“Bold choice,” she said, eyes darting to the chocolate.
“You said no flowers.”
She hummed in acknowledgment, grabbed the chocolates, and her fingers brushed mine. Too quick to mean anything, too deliberate not to.
“You didn’t turn them down,” I teased.
She didn’t argue. That told me everything.
We ended up in the clinic lounge. Not her apartment. Not a restaurant. Just here — familiar, neutral ground, the kind of place that already carried her fingerprints. The walls were painted in soft neutrals, the couch sagged like it had been carrying too many stories for too long, and two mismatched mugs sat half-full of something I didn’t ask about. The early spring air leaked in from the cracked window, cool and damp, smelling faintly of thawed earth.
Ava folded her legs beneath her and unwrapped her taco like it was a test. I waited.
One bite. Then another. Then, finally, she gave a little wiggle of approval.
“Okay. You’re safe. For now.”
“Noted,” I said, setting mine on a napkin. “So, this is what passes for a first date in your world?”
She gave a humourless smile. “I don’t do first dates.”
“What do you do then?”
She didn’t answer. She just studied me with those ocean eyes that never looked the same twice. Tonight, they were more green than blue, sharp as glass when she wanted distance, softening when she thought I wasn’t watching.
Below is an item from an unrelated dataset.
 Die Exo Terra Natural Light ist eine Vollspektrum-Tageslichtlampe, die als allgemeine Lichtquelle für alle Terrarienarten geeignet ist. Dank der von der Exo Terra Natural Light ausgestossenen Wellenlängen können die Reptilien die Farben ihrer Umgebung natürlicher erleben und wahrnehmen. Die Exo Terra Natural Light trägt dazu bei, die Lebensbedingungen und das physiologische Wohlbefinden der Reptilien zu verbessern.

But I was always watching.
And I caught it, the flicker she tried to hide. The same pulse of awareness I felt humming low in my chest.
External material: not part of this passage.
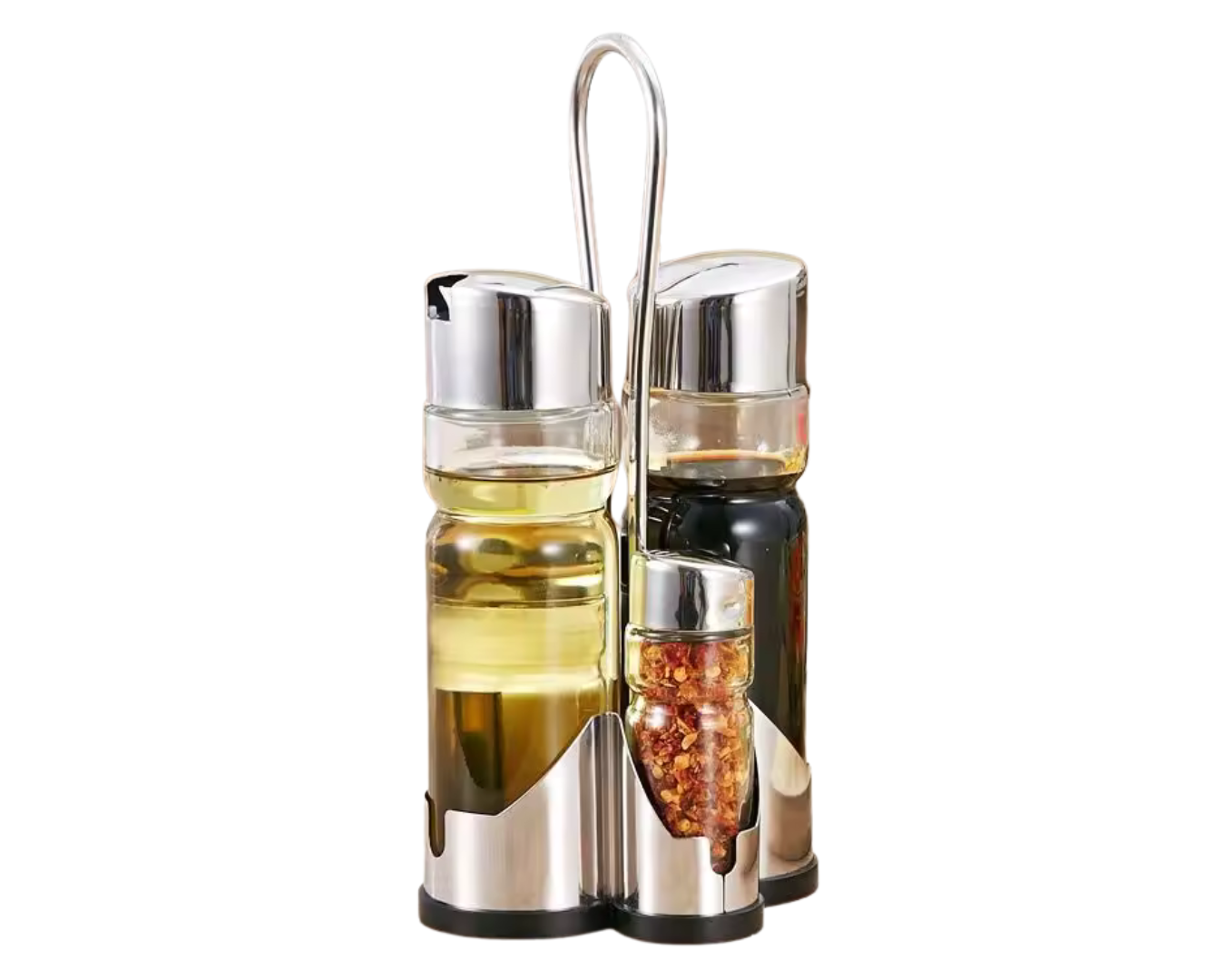 - Kompletny zestaw 4w1! W jednym eleganckim stojaku znajdziesz solniczkę, pieprzniczkę oraz butelki na olej i ocet. Wszystko, czego potrzebujesz do idealnego doprawienia Twoich ulubionych dań!

So, I picked up my taco and let her study me.
The silence stretched. Not uncomfortable. Curious. Charged.
“I was half-expecting you to cancel,” I finally said.
“I almost did.”
“Why didn’t you?”
Her gaze flickered down to her lap, then back up. “Because you asked like someone who wouldn’t ask again.”
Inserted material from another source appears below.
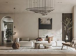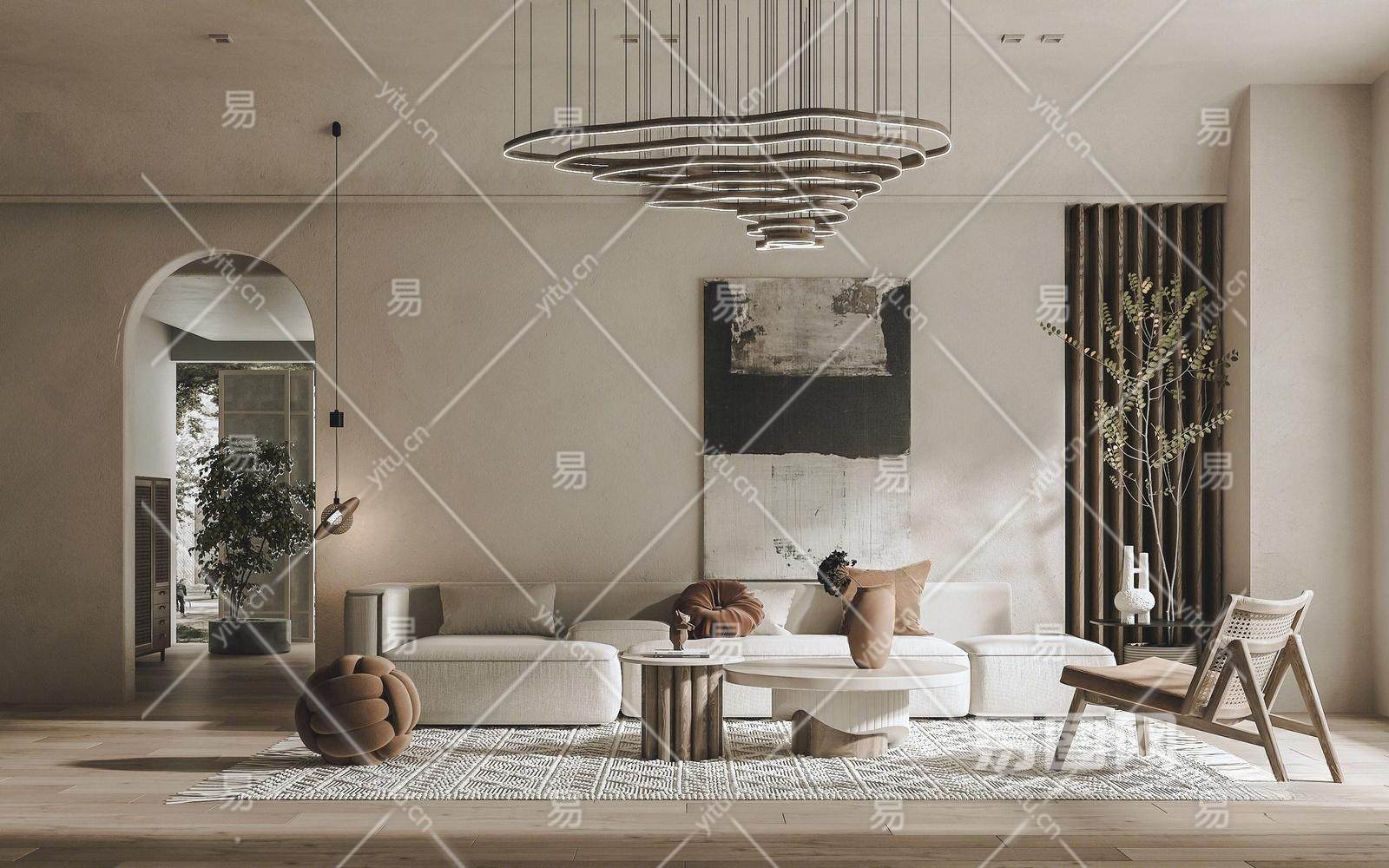 侘寂家居客厅 挂画 沙发茶几组合 地毯 休闲椅 吊灯 盆栽

That hit somewhere deeper than I expected. Because she wasn’t wrong. I wasn’t here to play games.
She took another bite, chewed, and swallowed. “You want the tragic backstory?”
“I want whatever you’re willing to give me, Ava.” And I meant it.
Her shoulders dropped just a fraction, like no one had said that to her in a long time. Her gaze softened, blue bleeding through green, and she began.
“You know Remi and I grew up together, right?”
“I figured. You two practically finish each other’s sentences.”
She smirked. “Sometimes thoughts, too.”
I leaned back, giving her room. Letting her steer.
“She wasn’t always like this,” Ava said, tapping a finger against her knee. “Remi used to want to be an artist. She was wild and carefree, like the wind… if the wind was in technicolour. But after Jenny… after the fallout, she hardened. She took hit after hit, and instead of breaking, she solidified. Now she’s more like the earth than the wind.”
Her voice cracked on Jenny’s name. I didn’t press. I just listened.